Glenister, 46, who's appeared in Demons, Cranford, Calendar Girls, State of Play, Hornblower, Clocking Off and Vanity Fair, treats Gene's heart-throb status with amused detachment. "It's a dirty job, but someone's got to be hot. If it's not going to be Alan Titchmarsh, it has to be Gene.

"I get invited to give speeches at a lot of weddings. If I get all these invitations to speak, how many must Stephen Fry get? I told one couple I couldn't make it, so they asked me to send a cardboard cut-out of myself with a button you could press to hear my speech. What was I going to say to them? 'Don't marry her, you're ruining your life, kid'? Maybe there's a business opportunity there..."
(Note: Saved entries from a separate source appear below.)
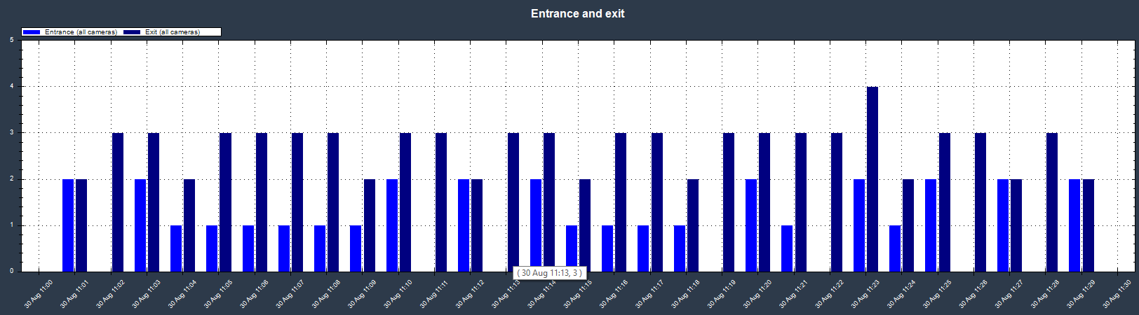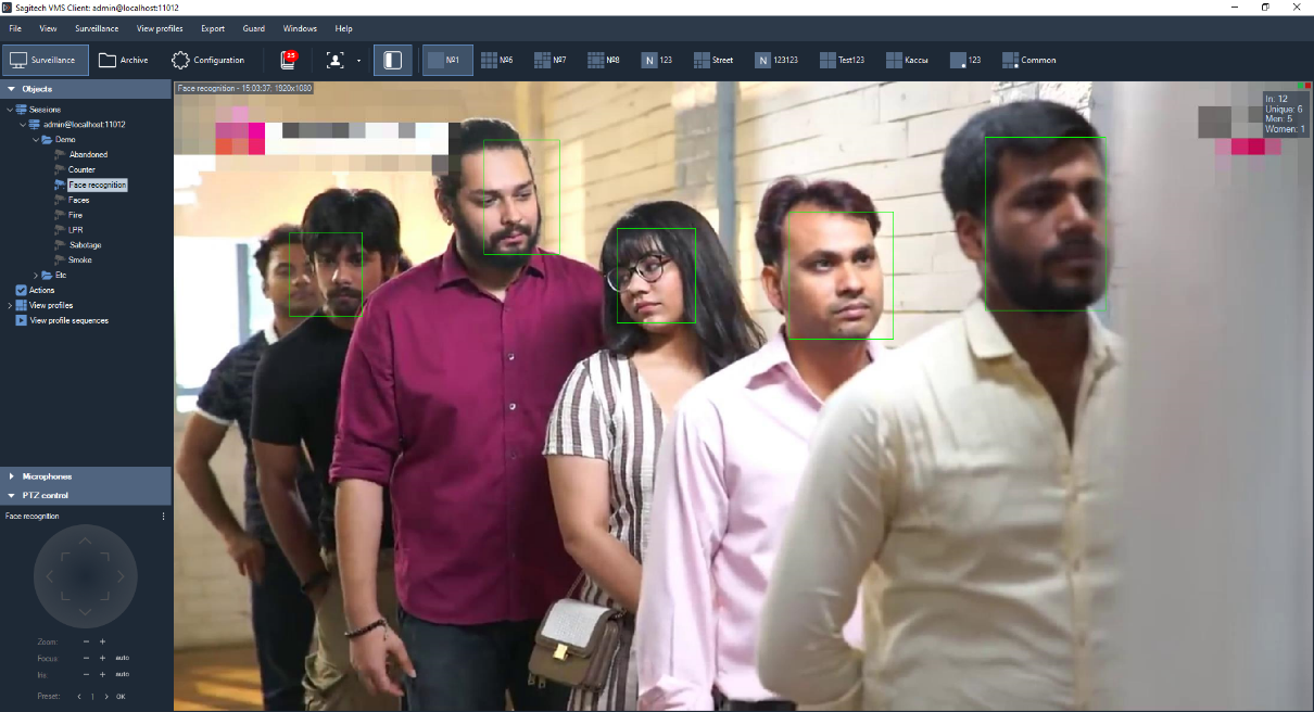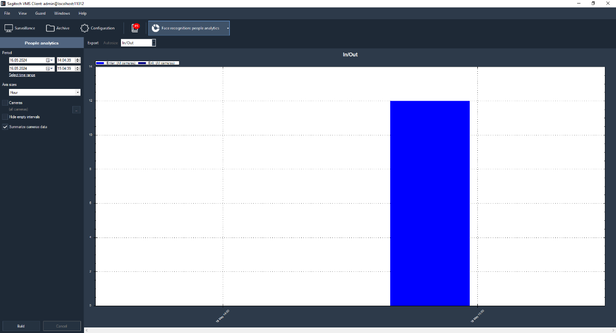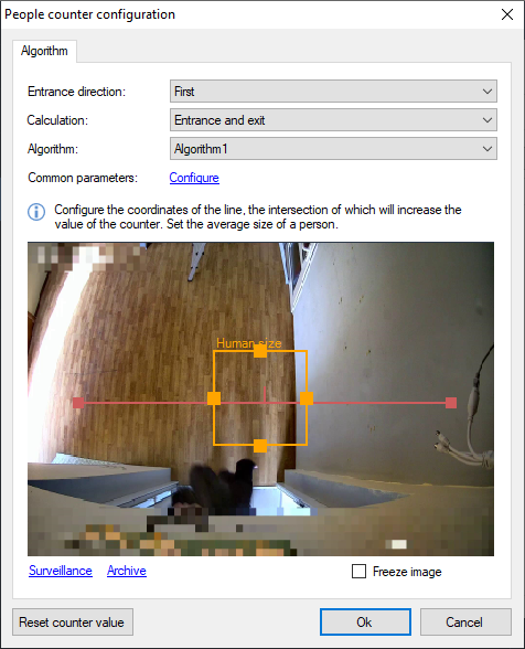 - People counting module. Allows you to get and analyze data about the number of people who entered and left the controlled zone over a certain period of time.
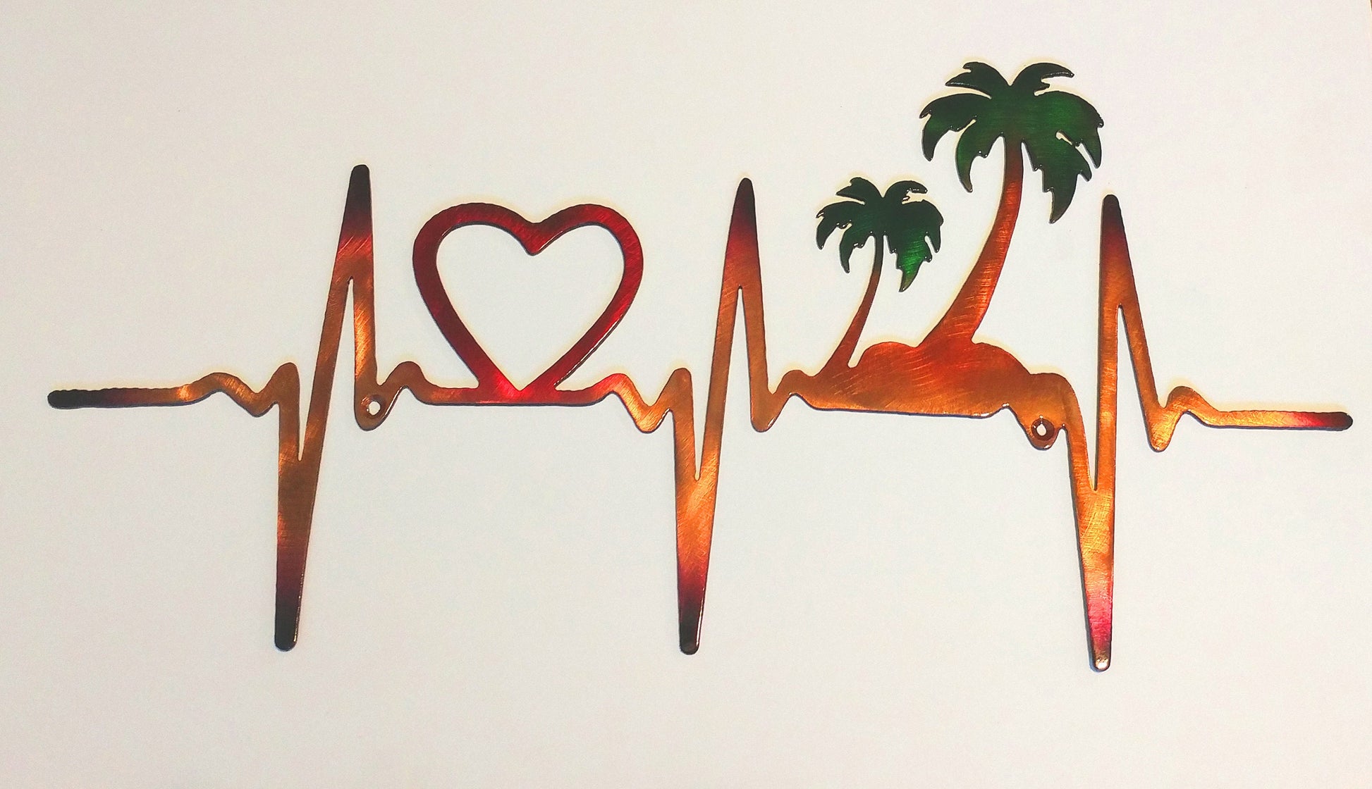 EKG Heartbeat Heart & Palm Trees Plasma Cut Indoor or Outdoor Metal Art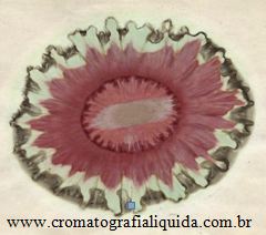 o solvente da tinta ia se deslocando do centro do papel em direção à borda. O resultado final era uma figura formada onde era possível visualizar os diversos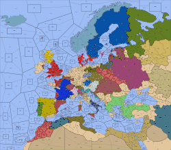 Les noms des régions sont, pour celles qui contiennent un centre « national » (car appartenant à une grande puissance en début de partie), le nom d’une grande ville (Paris, Brest…) ou, pour les régions dépourvues de centre ou avec un centre « neutre » avant les premières conquêtes, le nom d’une province ou d’un État (Silésie, Belgique…). Chacune de ces régions est désignée par une abréviation reprenant généralement les trois premières lettres du nom (Par, Bre, Sil ou Bel pour les précitées).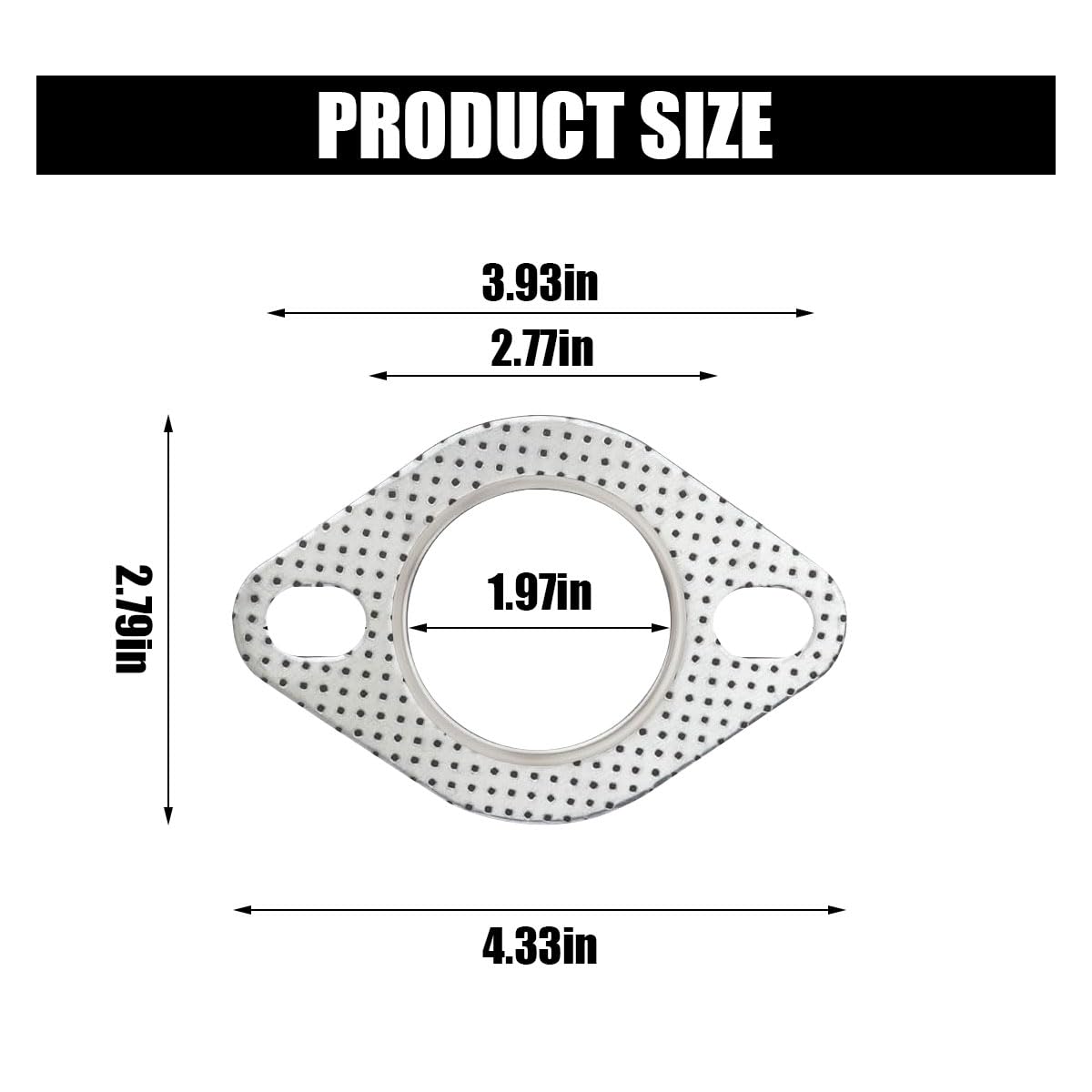 【Buyer's Guide】: The car exhaust gasket size is 4.33"L x 2.79"W x 0.08"H, 1.97" ID. The longest distance between the two holes is 3.93in, and the shortest is 2.77in. Please check carefully if our gaskets fit your car before purchasing.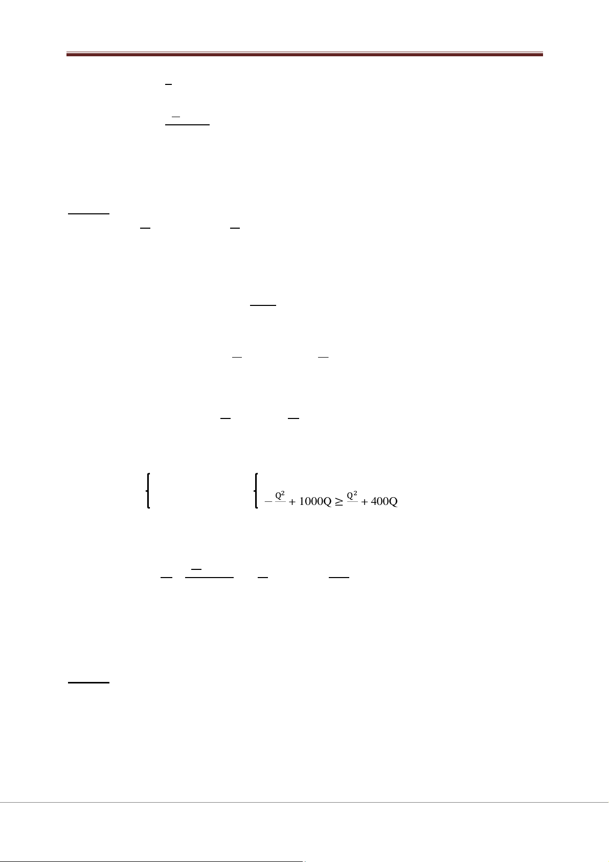Câu 9: Sản lượng lớn nhất mà doanh nghiệp không bị l l ỗ à A. Q = 999,9 B. Q = 2500,5 C. Cả ba câu đều sai D. Q = 1500,5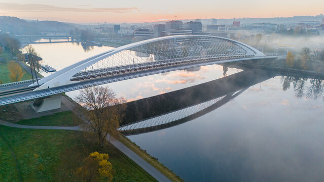 Troja Bridge in Prague. The new and modern Troja Bridge over the Vltava River in Holešovice, Prague, Czech Republic. A bridge for cars and trams in the center of historic Prague.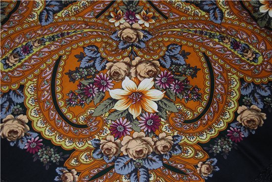 А вот мой улов, Весенние грезы 23, у меня так бывает, смотрю и не трогает, а потом, вдруг, щелк, и будто глаза по-другому смотрят, не знаю, почему эти грезы весенние, для меня это очаровательная золотая осень, какой цветок чудесный в центре, цветовое решение всего платка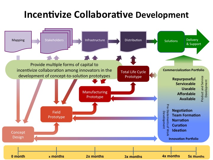 Since stakeholders are the ones who possess these sources of capital, engagement with them serves a dual purpose. First, they use their human and social capital to build the maps of ecosystems - complete with documentation of infrastructure and distribution pathways - in which concepts develop into solutions. Second, they invest the full range and degree of capital, be it human, social, built, natural, and financial, critical for the solutions to travel these pathways to successful delivery in the market. If appropriately incentivized, stakeholders will take advantage of opportunities to join teams that advance preliminary statements of work or they can advocate on behalf of the preliminary statements of work during negotiations with potential sponsors and funders or they can invest directly in solution development.

The actor is very protective of his alter ego. "Gene's a wonderful character to play. I feel very precious about him. He's been so good to me. He's like my child; I feel an overwhelming sense of responsibility towards him. I'm sure it gets up some producers' noses, but it's because I care."

The first series of Ashes to Ashes had an air of levity about it. This time, the show has a darker tone. The series, set in 1982, is played out against a backdrop of the zenith of Mrs Thatcher's power and the Falklands War. The overarching theme of the series is police corruption. And more is revealed about Alex's frantic attempts to return to the present day.

"Part of the fascination of Ashes to Ashes is the mystery of how Alex ended up in the 1980s," says Hawes, who has also starred in Mutual Friends, Under the Greenwood Tree, Tipping the Velvet and Our Mutual Friend. "The plot for this series is incredibly byzantine. We've actually been told why Alex is stuck in the past. All the hairs on the back of our necks stood up when we found out."

The first Ashes to Ashes enjoyed healthy ratings, but was not such a hit with the critics. Some disappointment was inevitable after the high expectations generated by Life on Mars, but it still attracted some 6.6 million viewers every week.

One of the allures of Ashes to Ashes is the saga of Gene and Alex's "will they, won't they?" relationship. "It's such fun," Hawes says. "I can't say if anything happens between them. But I really like that element."

I ask Glenister what effect Gene Hunt has had on his career. "I was doing OK before Gene, but he has moved me on to the next stage. It happens to a lot of actors. For instance, Doctor Who has elevated David Tennant to Planet Success."

Glenister's certainly getting more offers. "You have to learn to say no. But you also have to be wary. There comes a point where people think you can't do anything else but Gene. I got sent a script where the main character was a poor man's version of Gene with none of the charm or charisma. He was just a one-dimensional policeman."